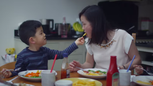 The ad is lovely to watch because it’s real. No one ever shows dinner time as the hectic chaotic event that happens in a rush it tends to be in real life. In fact, the ad also features ten real families.
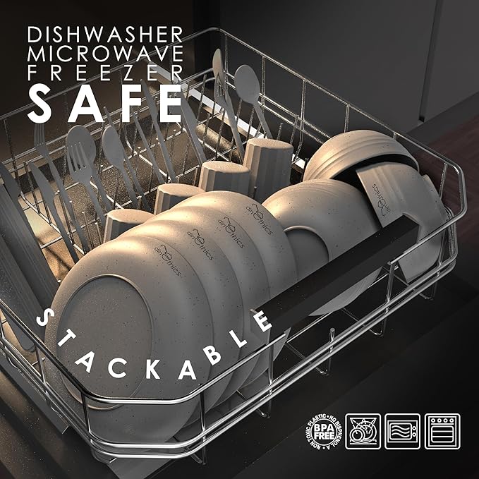 - ROUND EDGED, STACKABLE & NON STAINABLE : Our Lightweight Dinnerware Set Is Hassle Free, Stackable & Space Efficient. These Dorm Kitchen Essentials aka Rv Dinnerware Sets Are Easy To Wash, Stain Resistant & Travel Friendly Providing The Absolute Value For Money.
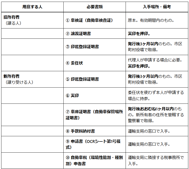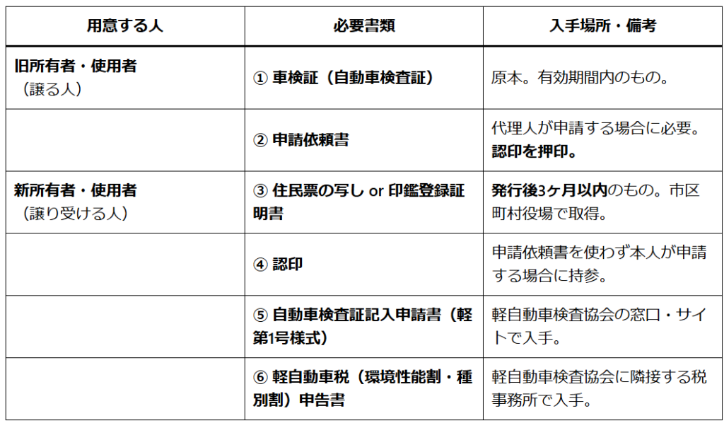 名義変更で最も重要なのが、書類の準備です。不備があると手続きができません。 「普通自動車」と「軽自動車」で必要書類が異なるため、ご自身の車種に合わせて確認してください。
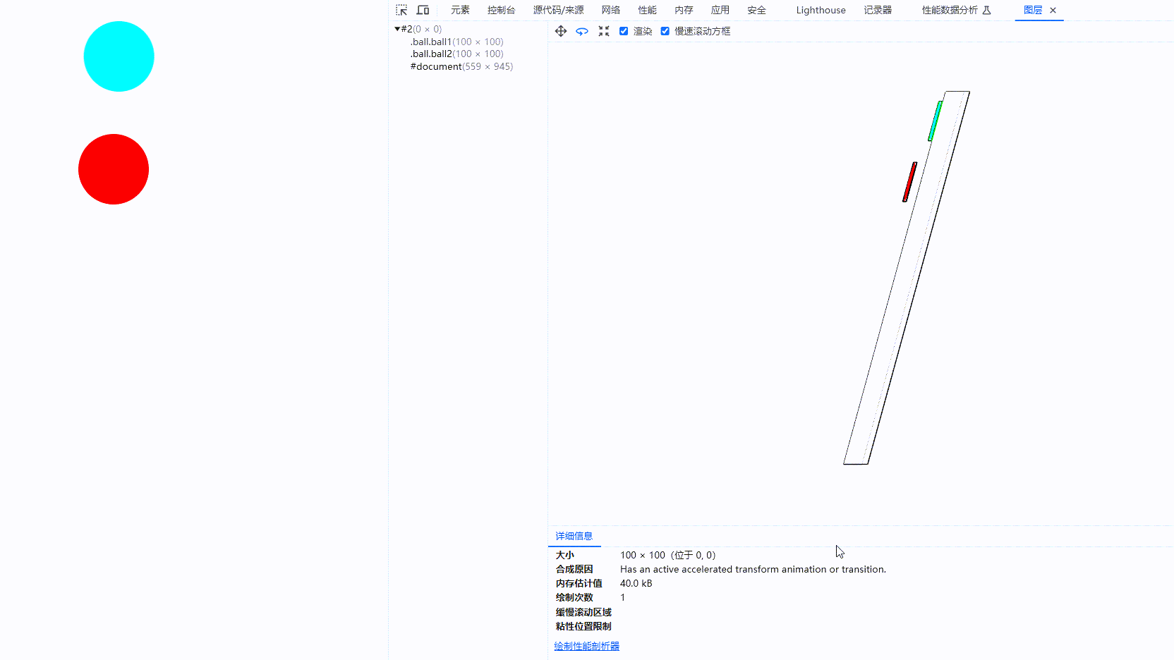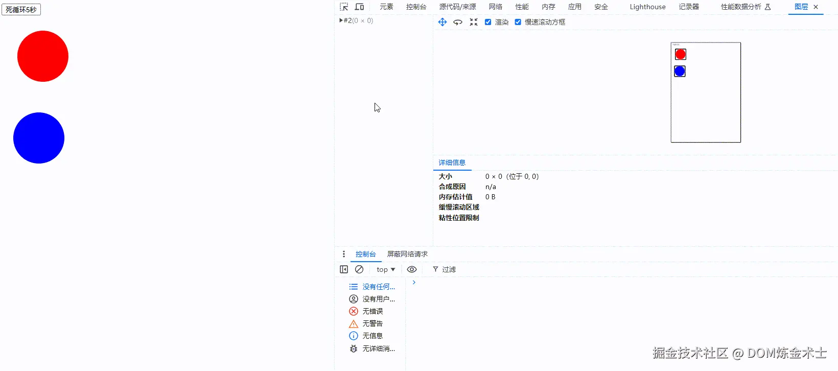 可以发现,使用 left 变化实现动画的蓝色小球,会一直触发重绘;而使用 transform 变换实现动画的红色小球,只会绘制一次。在使用 js 死循环卡死主线程的 5s 时间里,主线程无法完成重绘的操作,造成蓝色小球卡住不动。
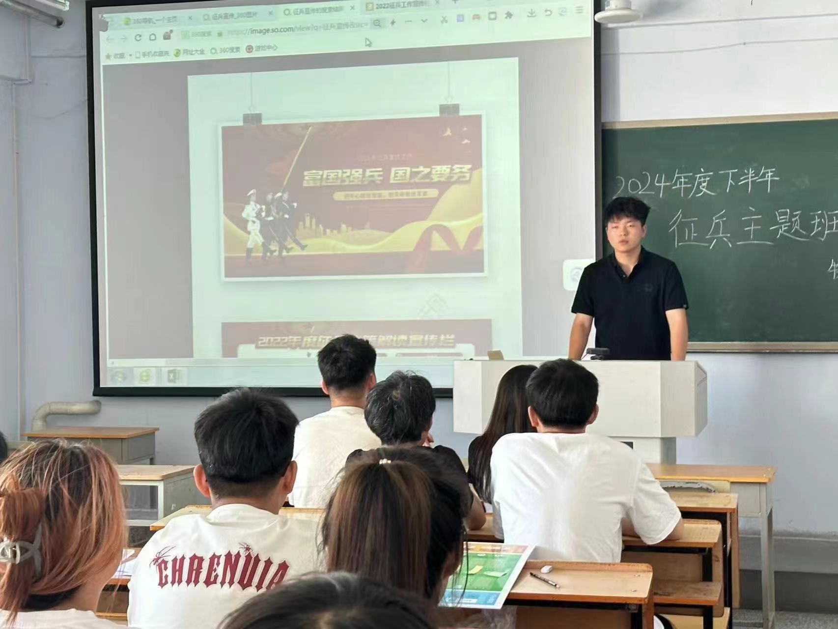 为了确保征兵工作的有效推进,我们成立了专门的征兵工作领导小组,并多次召开专题会议,明确任务、落实责任。我们严格遵循相关政策法规,确保每一项工作都保质保量完成。同时,我们还积极利用各种宣传渠道,如悬挂条幅、张贴海报、播放宣传视频等,营造了浓厚的征兵氛围,让每一位同学都能感受到军旅的召唤。在这场宣传月活动中,我院大一至大四的各个班级纷纷在班级群内发布征兵宣传海报,让征兵信息触手可及。此外,我们还特别为未返校的毕业班学生开设了线上宣讲通道,通过播放征兵宣传片和退伍大学生的分享,让他们也能参与到这场宣传中来。
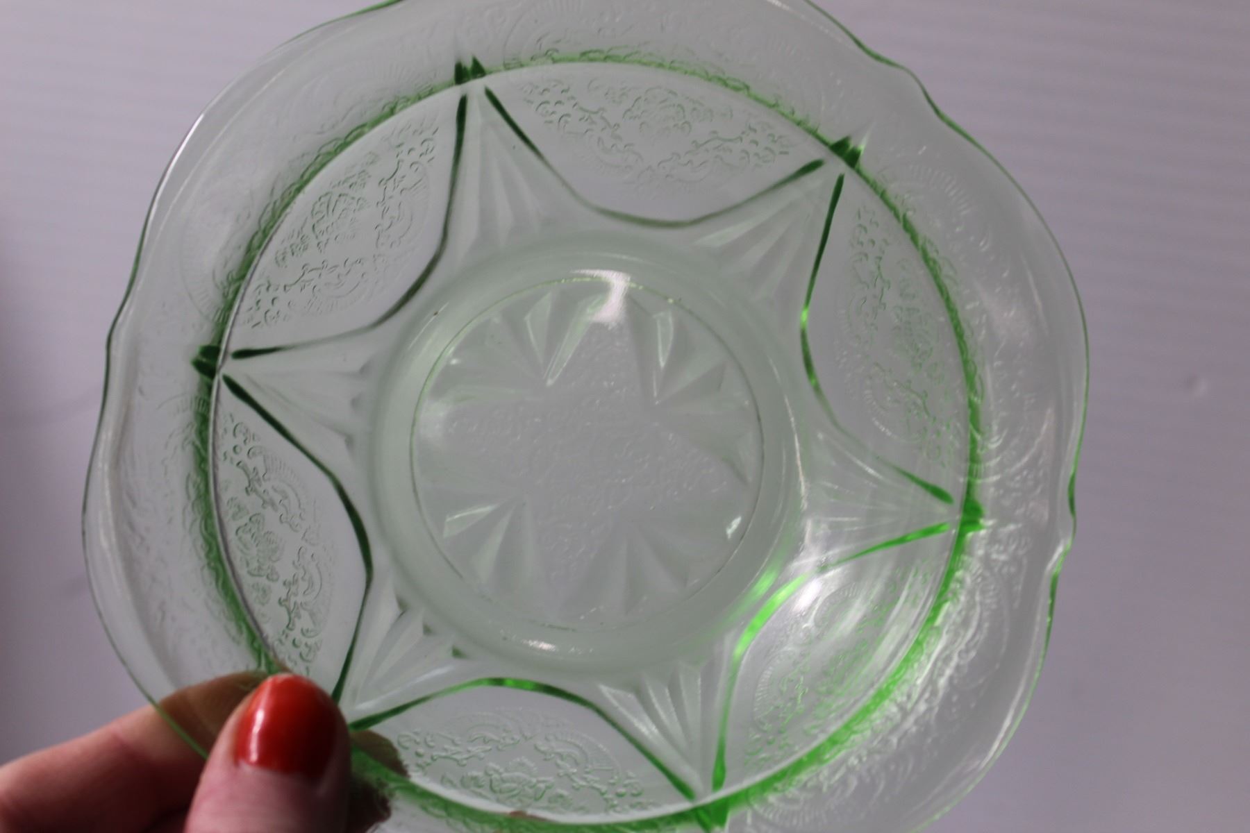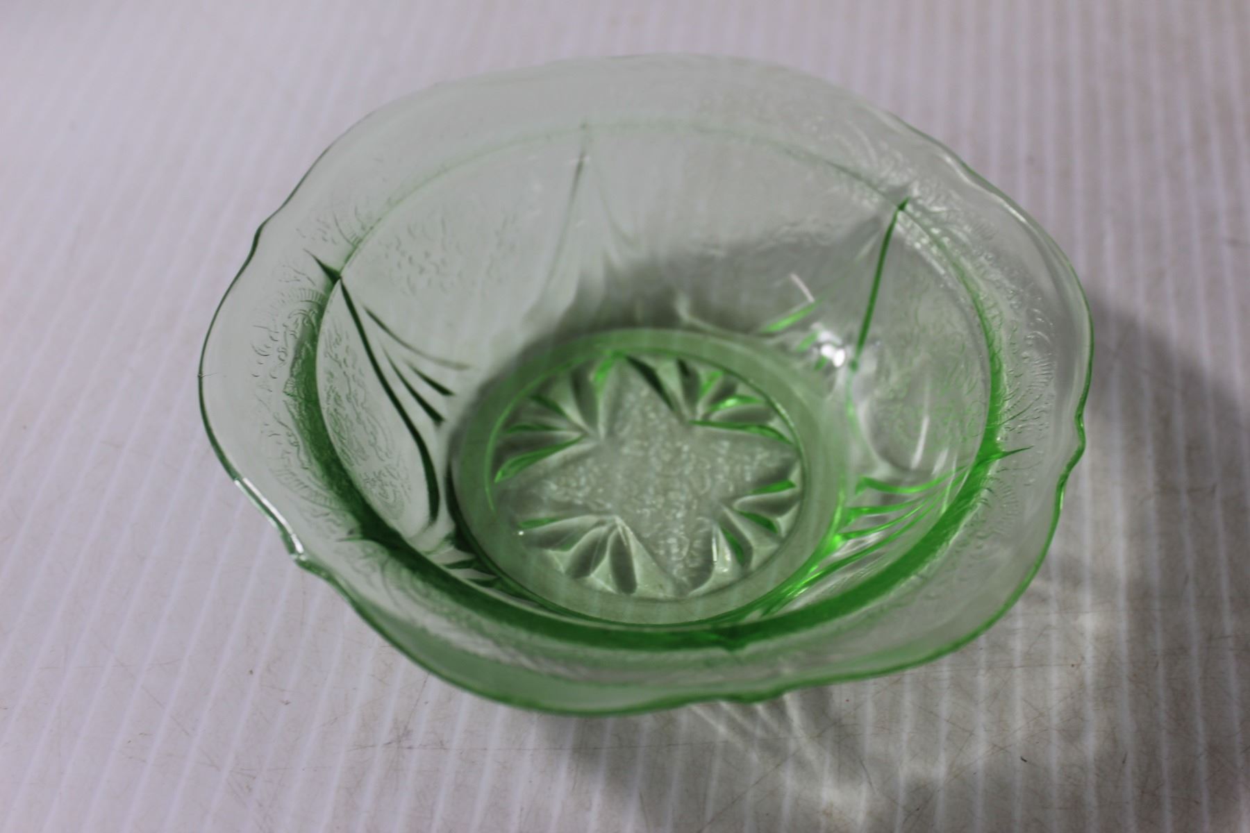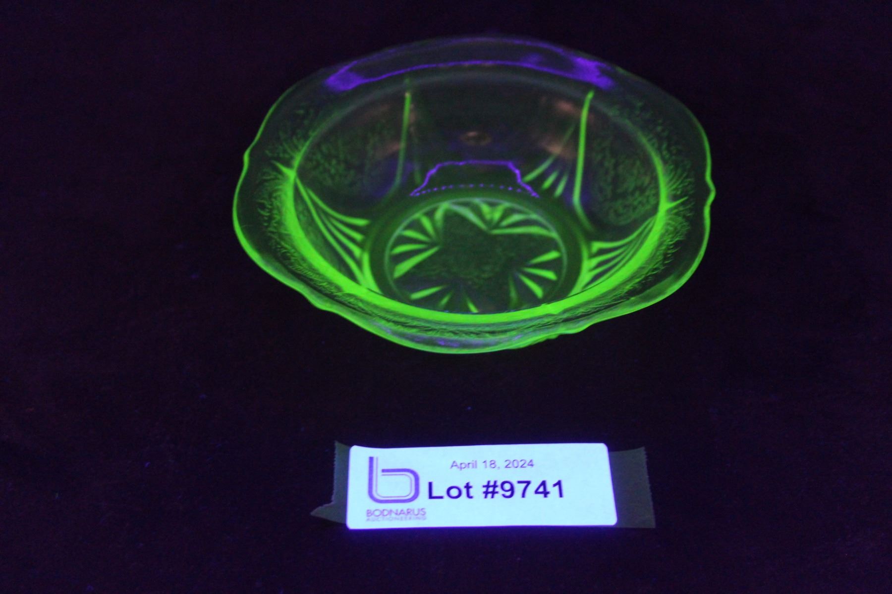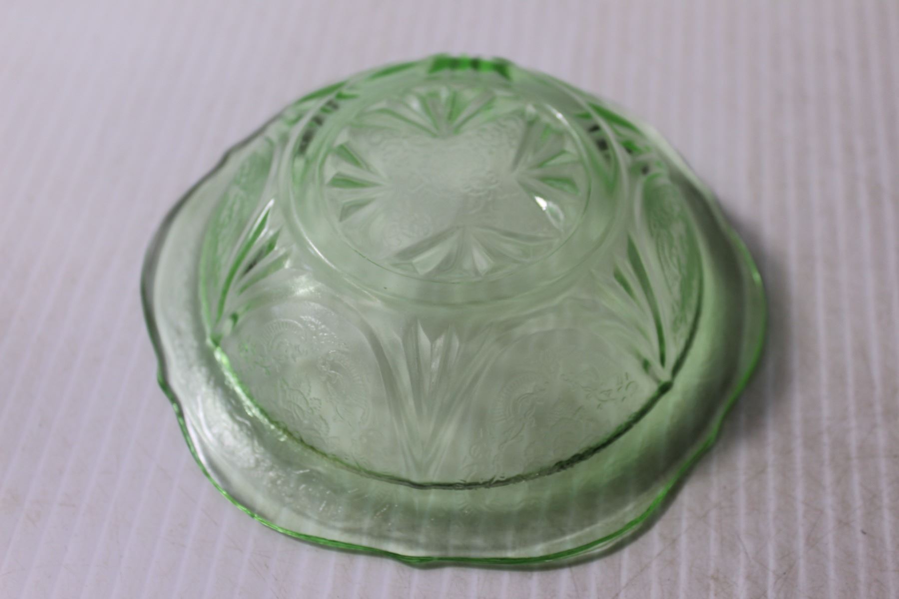 Royal Lace Green Depression Uranium Glass Berry Bowl
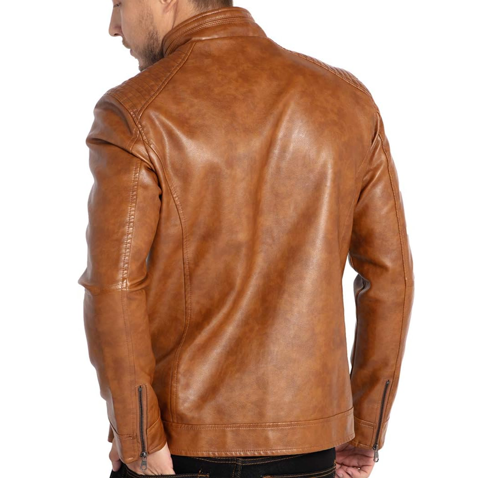 แจ็กเก็ตหนังขี่มอเตอร์ไซค์แบบคอตั้งสไตล์วินเทจของผู้ชายหนังเทียม
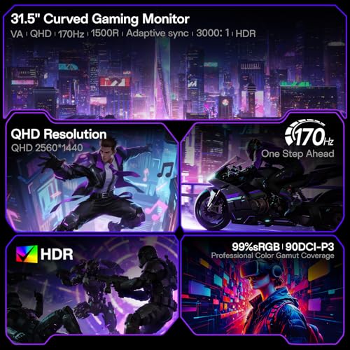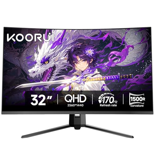 KOORUI 32 inch Curved Gaming Monitor,1440p(2560×1440),170Hz.1ms, 2K, QHD,VA 1500R, HDR10,Adaptive Sync, VESA & Eye Care Ultra-Thin Support DP/HDMI
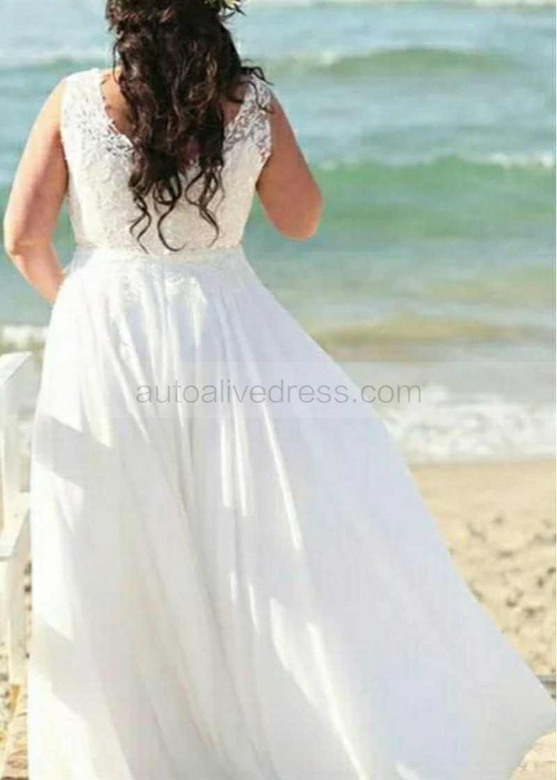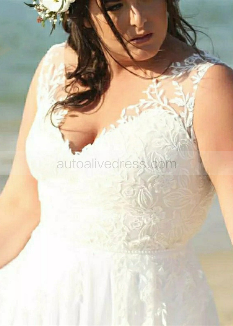 Ivory Lace Chiffon Plus Size Wedding Dress
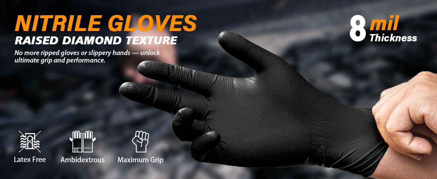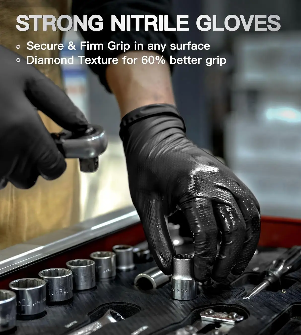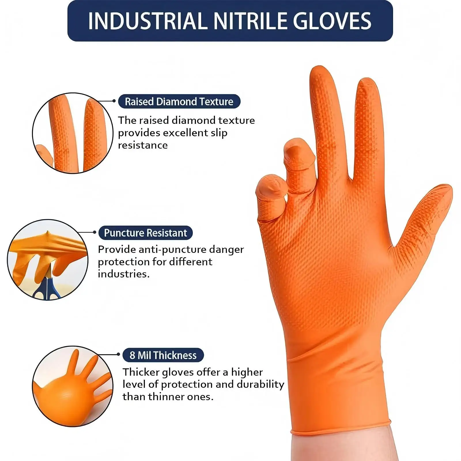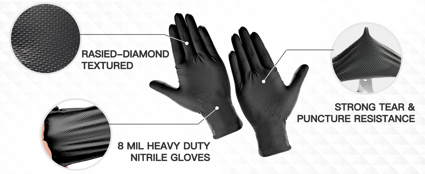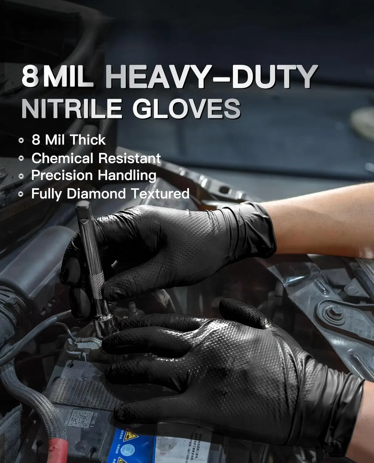 Thick Heavy Duty Nitrile Gloves 8mil Thickened Disposable Gloves with Diamond Textured Latex Free Mechanic Tattoo Auto Gloves
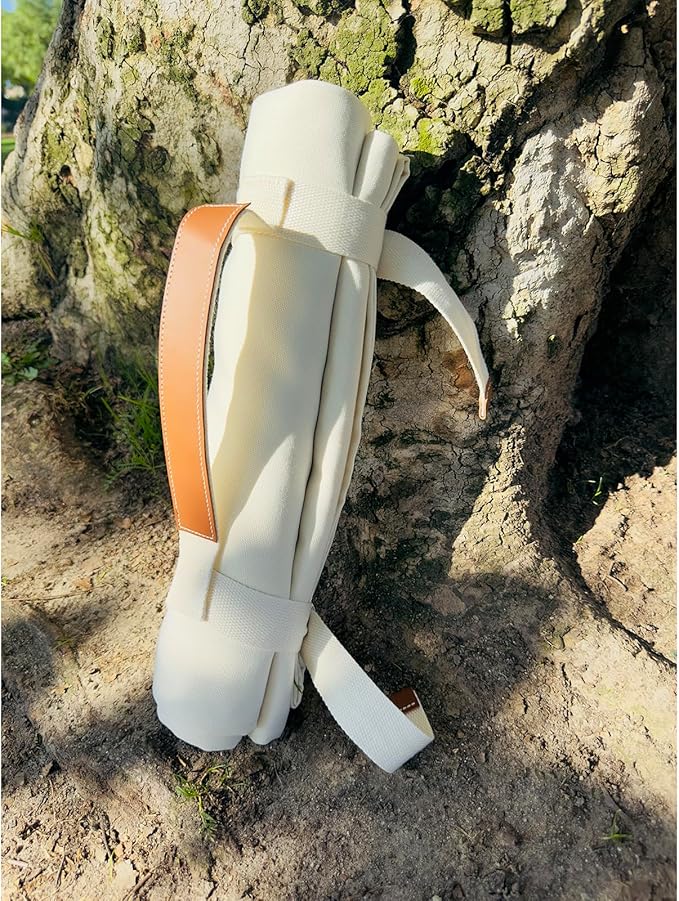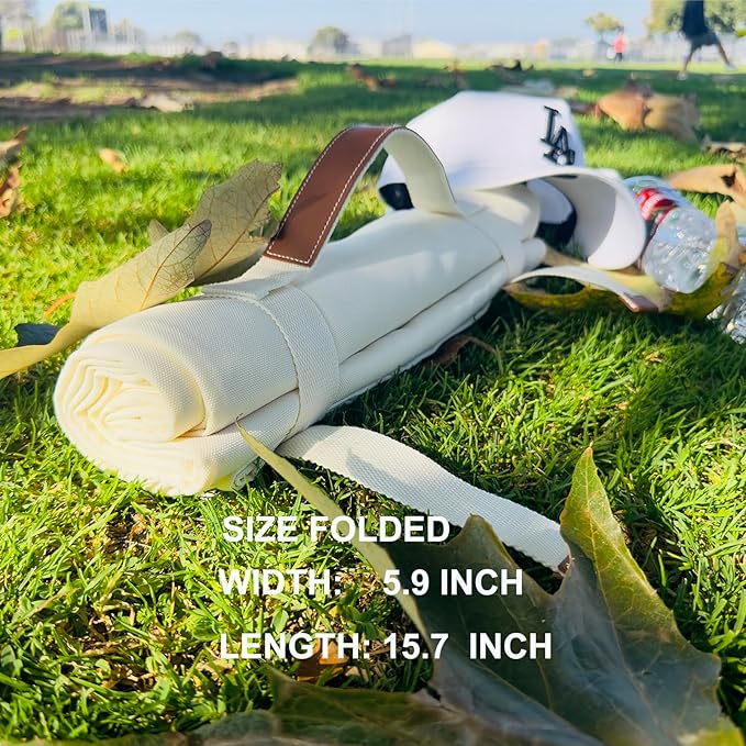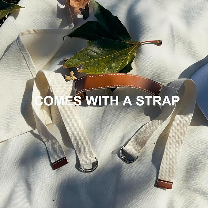 - It comes with one white canvas picnic blanket,one faux leather handle and webbing strap,one storage tote bag

■ **Work request**: Because only the text is wanted, copy each record above precisely and omit its pictures.

■ **Result of the exercise**:
 The ad is lovely to watch because it’s real. No one ever shows dinner time as the hectic chaotic event that happens in a rush it tends to be in real life. In fact, the ad also features ten real families.
 - ROUND EDGED, STACKABLE & NON STAINABLE : Our Lightweight Dinnerware Set Is Hassle Free, Stackable & Space Efficient. These Dorm Kitchen Essentials aka Rv Dinnerware Sets Are Easy To Wash, Stain Resistant & Travel Friendly Providing The Absolute Value For Money.
 名義変更で最も重要なのが、書類の準備です。不備があると手続きができません。 「普通自動車」と「軽自動車」で必要書類が異なるため、ご自身の車種に合わせて確認してください。
 可以发现,使用 left 变化实现动画的蓝色小球,会一直触发重绘;而使用 transform 变换实现动画的红色小球,只会绘制一次。在使用 js 死循环卡死主线程的 5s 时间里,主线程无法完成重绘的操作,造成蓝色小球卡住不动。
 为了确保征兵工作的有效推进,我们成立了专门的征兵工作领导小组,并多次召开专题会议,明确任务、落实责任。我们严格遵循相关政策法规,确保每一项工作都保质保量完成。同时,我们还积极利用各种宣传渠道,如悬挂条幅、张贴海报、播放宣传视频等,营造了浓厚的征兵氛围,让每一位同学都能感受到军旅的召唤。在这场宣传月活动中,我院大一至大四的各个班级纷纷在班级群内发布征兵宣传海报,让征兵信息触手可及。此外,我们还特别为未返校的毕业班学生开设了线上宣讲通道,通过播放征兵宣传片和退伍大学生的分享,让他们也能参与到这场宣传中来。
 Royal Lace Green Depression Uranium Glass Berry Bowl
 แจ็กเก็ตหนังขี่มอเตอร์ไซค์แบบคอตั้งสไตล์วินเทจของผู้ชายหนังเทียม
 KOORUI 32 inch Curved Gaming Monitor,1440p(2560×1440),170Hz.1ms, 2K, QHD,VA 1500R, HDR10,Adaptive Sync, VESA & Eye Care Ultra-Thin Support DP/HDMI
 Ivory Lace Chiffon Plus Size Wedding Dress
 Thick Heavy Duty Nitrile Gloves 8mil Thickened Disposable Gloves with Diamond Textured Latex Free Mechanic Tattoo Auto Gloves
 - It comes with one white canvas picnic blanket,one faux leather handle and webbing strap,one storage tote bag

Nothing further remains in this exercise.